### Task prompt
Please reproduce every record exactly as written, leaving out the pictures.

### Records to process

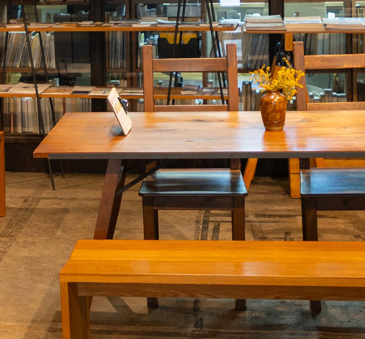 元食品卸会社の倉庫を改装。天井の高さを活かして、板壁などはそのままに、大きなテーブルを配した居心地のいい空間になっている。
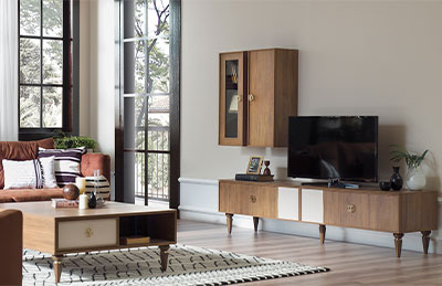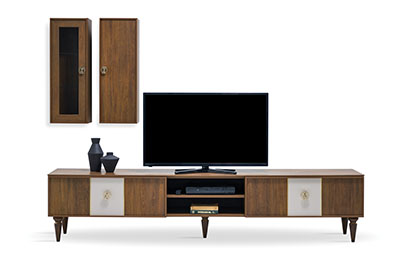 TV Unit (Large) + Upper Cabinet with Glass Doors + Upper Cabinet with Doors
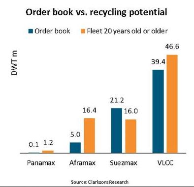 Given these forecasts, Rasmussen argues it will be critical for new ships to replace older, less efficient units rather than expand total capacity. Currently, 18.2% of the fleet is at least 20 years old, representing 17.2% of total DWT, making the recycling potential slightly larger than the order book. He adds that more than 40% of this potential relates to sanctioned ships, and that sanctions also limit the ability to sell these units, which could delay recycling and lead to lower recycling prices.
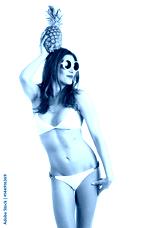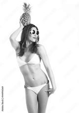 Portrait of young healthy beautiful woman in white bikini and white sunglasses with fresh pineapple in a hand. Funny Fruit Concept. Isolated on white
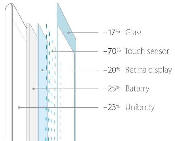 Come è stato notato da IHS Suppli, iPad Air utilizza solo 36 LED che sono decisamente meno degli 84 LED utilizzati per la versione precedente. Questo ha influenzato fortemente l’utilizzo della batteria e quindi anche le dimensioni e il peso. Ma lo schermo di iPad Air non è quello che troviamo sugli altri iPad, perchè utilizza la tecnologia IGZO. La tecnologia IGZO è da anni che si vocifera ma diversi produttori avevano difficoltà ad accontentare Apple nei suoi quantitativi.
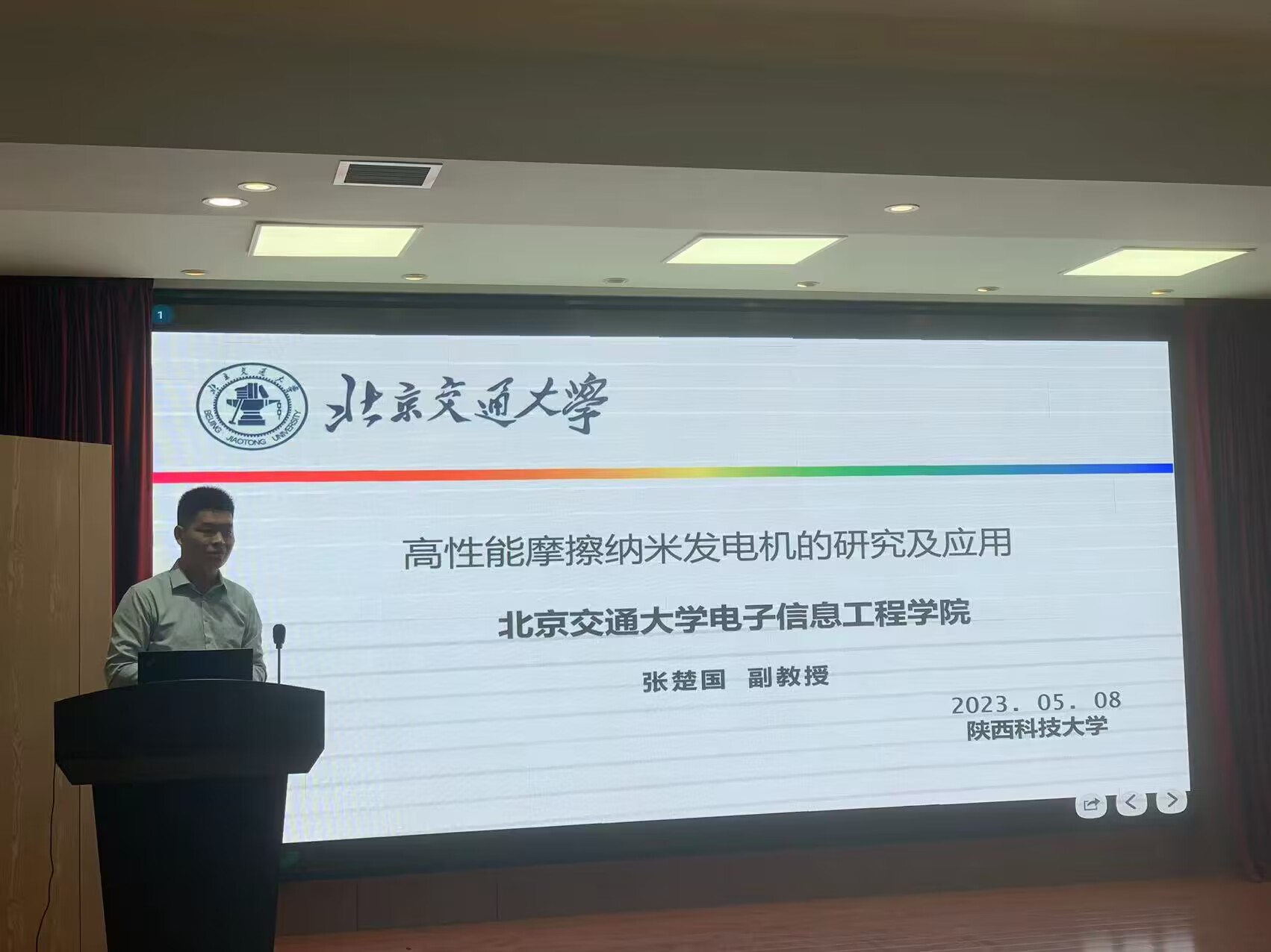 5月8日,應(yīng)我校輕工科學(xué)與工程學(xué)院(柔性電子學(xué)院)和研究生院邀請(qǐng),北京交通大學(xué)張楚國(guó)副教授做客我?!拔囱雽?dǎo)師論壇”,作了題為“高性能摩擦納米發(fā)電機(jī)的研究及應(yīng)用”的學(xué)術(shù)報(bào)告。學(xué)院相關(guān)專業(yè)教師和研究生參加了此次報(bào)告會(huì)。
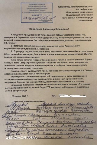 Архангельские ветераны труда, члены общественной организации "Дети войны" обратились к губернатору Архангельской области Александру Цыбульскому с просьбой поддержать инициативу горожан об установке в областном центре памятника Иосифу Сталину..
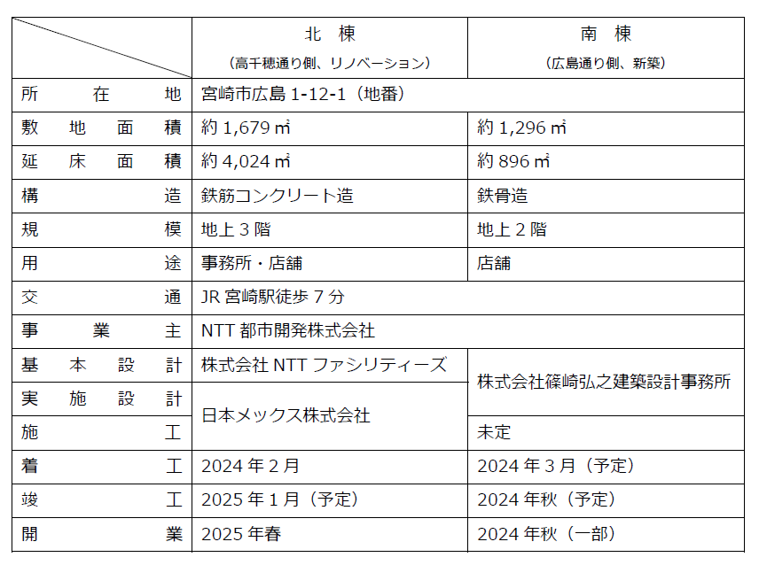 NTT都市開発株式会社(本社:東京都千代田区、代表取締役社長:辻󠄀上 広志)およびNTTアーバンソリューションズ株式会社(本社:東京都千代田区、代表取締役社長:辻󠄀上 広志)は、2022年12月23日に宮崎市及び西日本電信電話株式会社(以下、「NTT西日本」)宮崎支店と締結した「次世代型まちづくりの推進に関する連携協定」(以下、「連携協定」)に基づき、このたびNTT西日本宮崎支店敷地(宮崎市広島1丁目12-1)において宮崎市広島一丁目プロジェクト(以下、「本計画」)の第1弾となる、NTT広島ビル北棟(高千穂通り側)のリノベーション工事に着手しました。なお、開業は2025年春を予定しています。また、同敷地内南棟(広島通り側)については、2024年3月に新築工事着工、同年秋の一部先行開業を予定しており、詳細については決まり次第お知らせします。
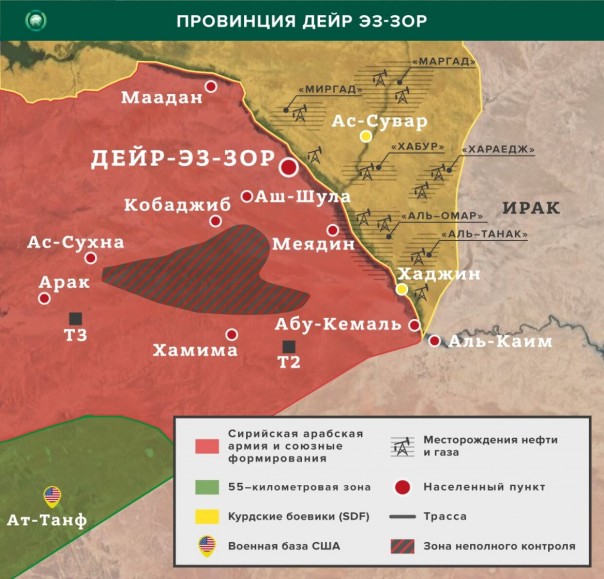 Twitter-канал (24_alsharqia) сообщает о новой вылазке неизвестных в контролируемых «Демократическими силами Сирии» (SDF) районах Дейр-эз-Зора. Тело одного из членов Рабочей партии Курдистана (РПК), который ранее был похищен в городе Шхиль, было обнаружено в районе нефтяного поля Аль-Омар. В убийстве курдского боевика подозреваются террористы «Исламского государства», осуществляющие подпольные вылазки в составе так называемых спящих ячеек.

######

### Exercise output
 元食品卸会社の倉庫を改装。天井の高さを活かして、板壁などはそのままに、大きなテーブルを配した居心地のいい空間になっている。
 TV Unit (Large) + Upper Cabinet with Glass Doors + Upper Cabinet with Doors
 Given these forecasts, Rasmussen argues it will be critical for new ships to replace older, less efficient units rather than expand total capacity. Currently, 18.2% of the fleet is at least 20 years old, representing 17.2% of total DWT, making the recycling potential slightly larger than the order book. He adds that more than 40% of this potential relates to sanctioned ships, and that sanctions also limit the ability to sell these units, which could delay recycling and lead to lower recycling prices.
 Portrait of young healthy beautiful woman in white bikini and white sunglasses with fresh pineapple in a hand. Funny Fruit Concept. Isolated on white
 Come è stato notato da IHS Suppli, iPad Air utilizza solo 36 LED che sono decisamente meno degli 84 LED utilizzati per la versione precedente. Questo ha influenzato fortemente l’utilizzo della batteria e quindi anche le dimensioni e il peso. Ma lo schermo di iPad Air non è quello che troviamo sugli altri iPad, perchè utilizza la tecnologia IGZO. La tecnologia IGZO è da anni che si vocifera ma diversi produttori avevano difficoltà ad accontentare Apple nei suoi quantitativi.
 5月8日,應(yīng)我校輕工科學(xué)與工程學(xué)院(柔性電子學(xué)院)和研究生院邀請(qǐng),北京交通大學(xué)張楚國(guó)副教授做客我?!拔囱雽?dǎo)師論壇”,作了題為“高性能摩擦納米發(fā)電機(jī)的研究及應(yīng)用”的學(xué)術(shù)報(bào)告。學(xué)院相關(guān)專業(yè)教師和研究生參加了此次報(bào)告會(huì)。
 Архангельские ветераны труда, члены общественной организации "Дети войны" обратились к губернатору Архангельской области Александру Цыбульскому с просьбой поддержать инициативу горожан об установке в областном центре памятника Иосифу Сталину..
 NTT都市開発株式会社(本社:東京都千代田区、代表取締役社長:辻󠄀上 広志)およびNTTアーバンソリューションズ株式会社(本社:東京都千代田区、代表取締役社長:辻󠄀上 広志)は、2022年12月23日に宮崎市及び西日本電信電話株式会社(以下、「NTT西日本」)宮崎支店と締結した「次世代型まちづくりの推進に関する連携協定」(以下、「連携協定」)に基づき、このたびNTT西日本宮崎支店敷地(宮崎市広島1丁目12-1)において宮崎市広島一丁目プロジェクト(以下、「本計画」)の第1弾となる、NTT広島ビル北棟(高千穂通り側)のリノベーション工事に着手しました。なお、開業は2025年春を予定しています。また、同敷地内南棟(広島通り側)については、2024年3月に新築工事着工、同年秋の一部先行開業を予定しており、詳細については決まり次第お知らせします。
 Twitter-канал (24_alsharqia) сообщает о новой вылазке неизвестных в контролируемых «Демократическими силами Сирии» (SDF) районах Дейр-эз-Зора. Тело одного из членов Рабочей партии Курдистана (РПК), который ранее был похищен в городе Шхиль, было обнаружено в районе нефтяного поля Аль-Омар. В убийстве курдского боевика подозреваются террористы «Исламского государства», осуществляющие подпольные вылазки в составе так называемых спящих ячеек.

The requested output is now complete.